Note that telemetry does NOT target personal information. Telemetry is programmed to report only technical data about machines, connections, and Caddy instances; NOT end users, session IDs, cookies, etc. If you are considering turning off telemetry because of applicable laws, make sure the laws actually apply to you.
The recommended way to disable telemetry is to turn off only the metrics that you do not want to report. You can do this with the -disabled-metrics
CLI flag. (The disabled_metrics, timestamp, and instance_id metrics cannot be disabled individually.) This will prevent Caddy from collecting the specified information throughout the lifetime of the process, and is useful if, for example, you discover that a particular metric is causing your telemetry buffer to fill up too quickly under heavy load (there is a limit to how many items can be buffered for emission).

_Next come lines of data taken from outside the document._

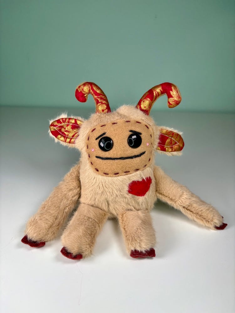 They are weighted with plastic poly pellets in their arms, legs and they have a bean bag in their bases. Their faces have hand embroidered details. They have safety eyes, which are best suited for ages 3 and up.
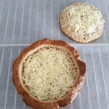 - Spread 2 tablespoons of grated cheddar cheese on the bottom of the bread bowl, scatter 1 tablespoon of cheddar cheese on the inner side of the bread lid and gratinate both pieces at 175 °C for about 10 min.
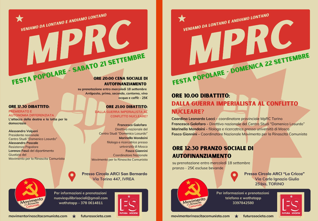 Il sabato, a Ivrea, presso il circolo Arci San Bernardo (via Torino 447), oltre a una cena sociale di autofinanziamento, sono previsti due dibattiti, uno il pomeriggio e uno la sera, il primo sul tema “Premierato e autonomia differenziata” (relatori Alessandro Volponi, presidente del Centro Studi “Domenico Losurdo”, Alessandro Pascale, di Resistenza Popolare, e Lorenzo Fascì, dipartimento Giustizia MpRC) , il secondo su “Dalla guerra imperialista al conflitto nucleare?” (relatori Francesco Garofalo, membro del direttivo nazionale del Centro Studi Losurdo, Marinella Mondaini, filologa e ricercatrice presso l’università di Mosca, e Fosco Giannini, coordinatore nazionale MpRC.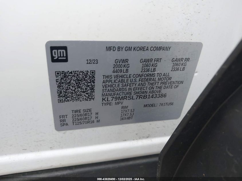 2024 CHEVROLET TRAILBLAZER 2024 року Бензин, 1.3, Повний привід, vin - KL79MRSL7RB143386 з США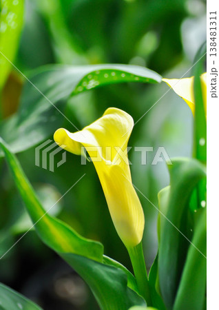 beautiful white calla lily flowers blooming in the garden.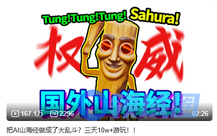 与此同时,也有越来越多游戏厂商开始选择相关元素进行游戏开发和投放。此前广大大发布的数据显示,海外市场上使用“Tung”等“ai山海经”元素进行广告投放的广告主数量已经突破了300。可见,“AI山海经”正在成为游戏市场新的流量密码。
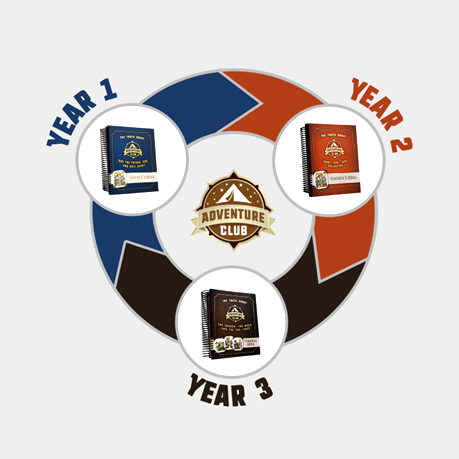 Every Sunday night, adventurers learn the same lesson in a way that is appropriate for their age group . A three-year rotation of topics allows each child to be exposed to theological concepts at progressively deeper levels as they move through Trackers, Scouts, and Trailblazers. The unified curriculum also enables families to discuss one topic together each week, reinforcing the lesson that children have learned in Adventure Club. Verses related to the lesson are provided for the children to memorize during the week to help them remember what the Scripture teaches about the week’s topic.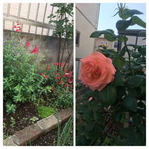 おはようございます😊 我が家の放置気味花壇にもバラとチェリーセージが咲いていました✨ 昨日朝撮影したpicですが。 このバラ、7年前に義父が勝手に挿し木したモノで😅、種類など分かりません💦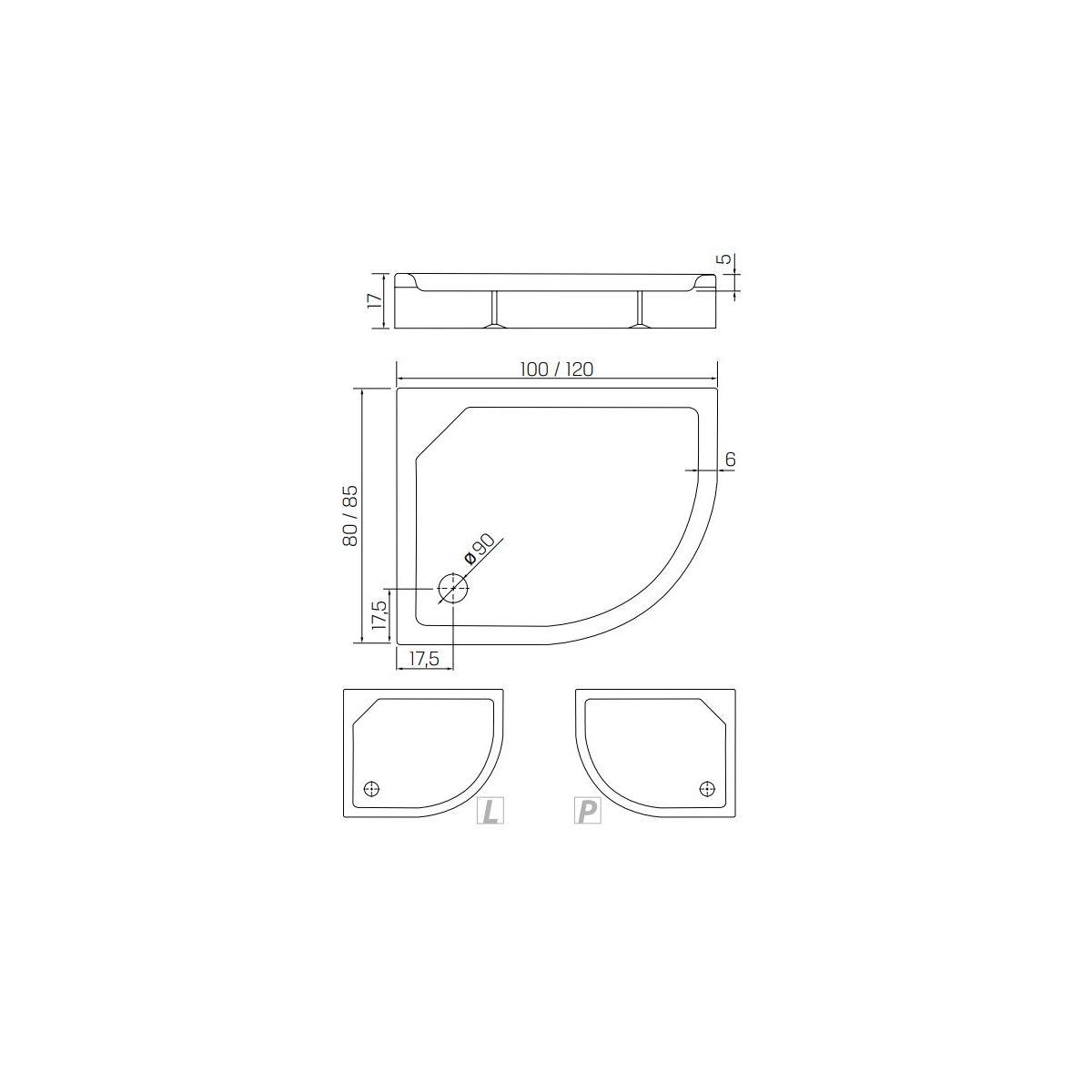 New Trendy New Maxima Halbrunde Duschwanne 100x80 cm weiß B-0339

However, if you wish to disable telemetry entirely, it can be done at compile-time. When you download Caddy from the website, you can choose to have telemetry disabled. If building from source, you can set enableTelemetry
to false to turn it off. Note that if you disable telemetry you will not have the ability to look up your instance and view its metrics. It also does not contribute to the research efforts that are otherwise made possible, and it makes it difficult to diagnose problems and improve Caddy. We recommend leaving telemetry on to gain its benefits and to improve the Web overall.